▶ [DIRECTIONS FOR THIS TASK] Using the entries that follow, transcribe only the lines from the line with "En una fuente" to the line with "O Sofá 5 Lugares", both included, exactly as they stand and without pictures.

▶ [SOURCE MATERIAL]
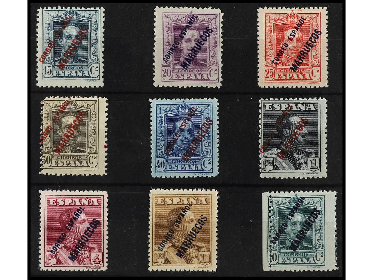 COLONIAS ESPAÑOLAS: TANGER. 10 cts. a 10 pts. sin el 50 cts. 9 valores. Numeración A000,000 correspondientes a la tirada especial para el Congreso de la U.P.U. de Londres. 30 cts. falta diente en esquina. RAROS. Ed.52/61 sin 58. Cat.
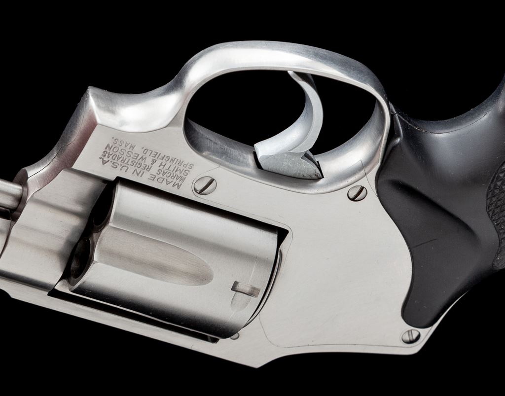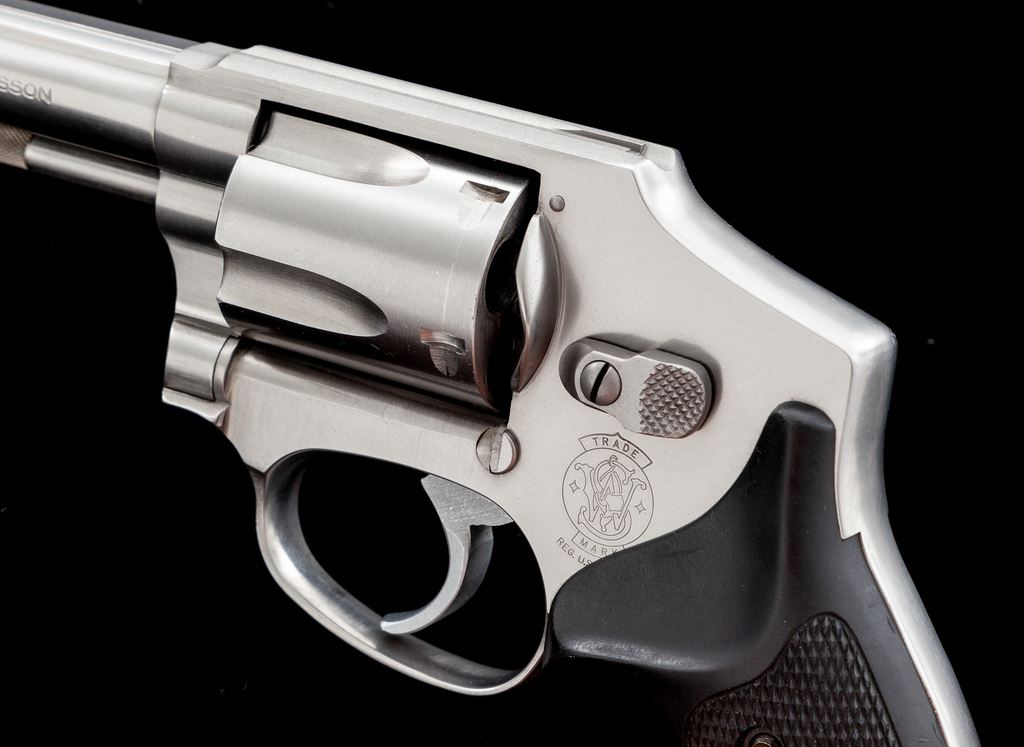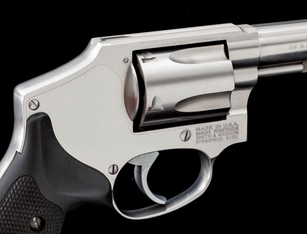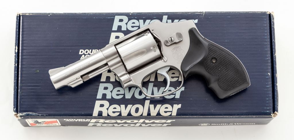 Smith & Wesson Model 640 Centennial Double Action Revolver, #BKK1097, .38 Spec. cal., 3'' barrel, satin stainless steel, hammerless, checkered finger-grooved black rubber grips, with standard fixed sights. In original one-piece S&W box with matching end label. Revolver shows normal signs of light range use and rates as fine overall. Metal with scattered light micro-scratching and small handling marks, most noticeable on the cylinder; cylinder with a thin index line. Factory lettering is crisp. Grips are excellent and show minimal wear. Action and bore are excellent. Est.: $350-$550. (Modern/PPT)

* * *

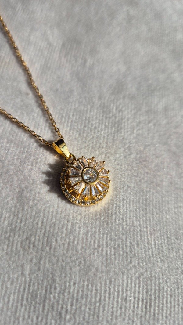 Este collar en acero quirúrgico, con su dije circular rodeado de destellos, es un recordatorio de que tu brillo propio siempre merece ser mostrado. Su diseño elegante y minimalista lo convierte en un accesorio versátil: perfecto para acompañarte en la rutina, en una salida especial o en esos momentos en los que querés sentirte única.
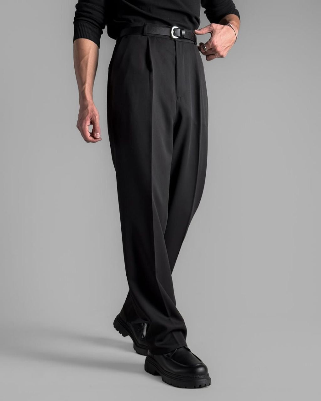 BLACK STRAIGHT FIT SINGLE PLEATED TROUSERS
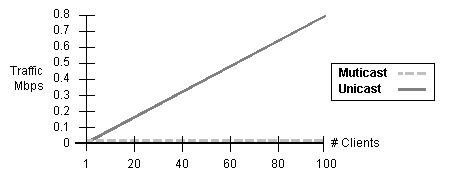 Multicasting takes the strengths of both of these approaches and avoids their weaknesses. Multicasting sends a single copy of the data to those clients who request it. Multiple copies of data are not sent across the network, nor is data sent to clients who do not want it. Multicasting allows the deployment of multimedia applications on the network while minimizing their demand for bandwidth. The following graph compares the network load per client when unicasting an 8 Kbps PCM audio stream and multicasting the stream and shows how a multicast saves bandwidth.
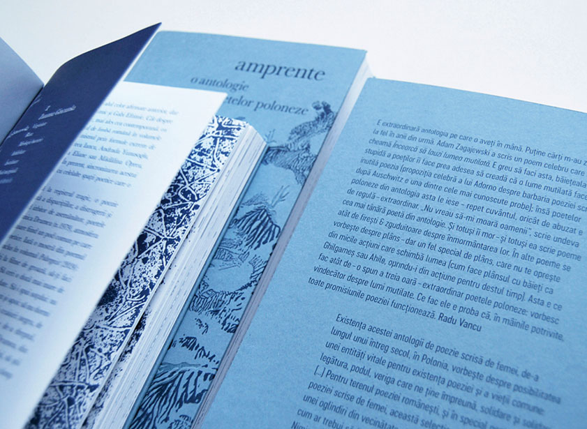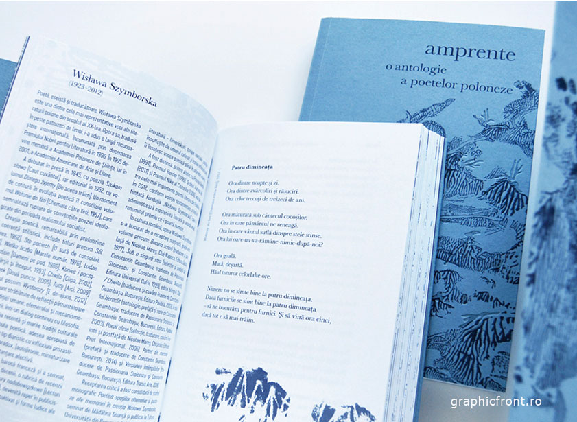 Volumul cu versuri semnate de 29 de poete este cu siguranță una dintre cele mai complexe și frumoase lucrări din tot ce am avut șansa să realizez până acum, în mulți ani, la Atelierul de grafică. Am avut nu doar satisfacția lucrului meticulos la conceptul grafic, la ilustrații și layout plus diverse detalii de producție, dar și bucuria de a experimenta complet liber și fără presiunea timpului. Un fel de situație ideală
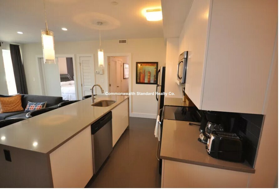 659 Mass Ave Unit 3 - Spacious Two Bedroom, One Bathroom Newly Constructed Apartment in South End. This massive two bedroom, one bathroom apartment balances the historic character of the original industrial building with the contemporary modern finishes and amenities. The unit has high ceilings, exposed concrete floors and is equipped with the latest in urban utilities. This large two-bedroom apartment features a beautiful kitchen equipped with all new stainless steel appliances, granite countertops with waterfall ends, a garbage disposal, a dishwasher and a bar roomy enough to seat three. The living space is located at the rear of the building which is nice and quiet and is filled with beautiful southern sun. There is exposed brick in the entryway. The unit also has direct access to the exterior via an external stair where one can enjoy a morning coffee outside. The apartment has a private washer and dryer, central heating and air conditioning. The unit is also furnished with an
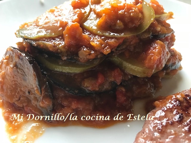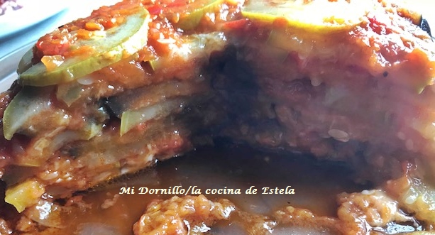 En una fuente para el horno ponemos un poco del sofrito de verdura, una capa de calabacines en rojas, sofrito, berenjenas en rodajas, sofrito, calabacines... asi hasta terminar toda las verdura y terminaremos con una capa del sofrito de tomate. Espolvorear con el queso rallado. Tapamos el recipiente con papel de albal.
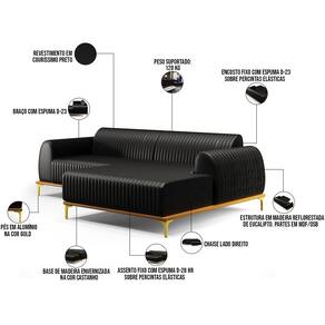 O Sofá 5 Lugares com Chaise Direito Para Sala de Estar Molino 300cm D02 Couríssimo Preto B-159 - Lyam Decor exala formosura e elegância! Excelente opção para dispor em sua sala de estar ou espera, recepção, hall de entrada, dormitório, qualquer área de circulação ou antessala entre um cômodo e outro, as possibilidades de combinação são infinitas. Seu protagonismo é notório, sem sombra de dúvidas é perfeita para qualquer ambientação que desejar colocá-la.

▶ [EXPECTED ANSWER]
 En una fuente para el horno ponemos un poco del sofrito de verdura, una capa de calabacines en rojas, sofrito, berenjenas en rodajas, sofrito, calabacines... asi hasta terminar toda las verdura y terminaremos con una capa del sofrito de tomate. Espolvorear con el queso rallado. Tapamos el recipiente con papel de albal.
 O Sofá 5 Lugares com Chaise Direito Para Sala de Estar Molino 300cm D02 Couríssimo Preto B-159 - Lyam Decor exala formosura e elegância! Excelente opção para dispor em sua sala de estar ou espera, recepção, hall de entrada, dormitório, qualquer área de circulação ou antessala entre um cômodo e outro, as possibilidades de combinação são infinitas. Seu protagonismo é notório, sem sombra de dúvidas é perfeita para qualquer ambientação que desejar colocá-la.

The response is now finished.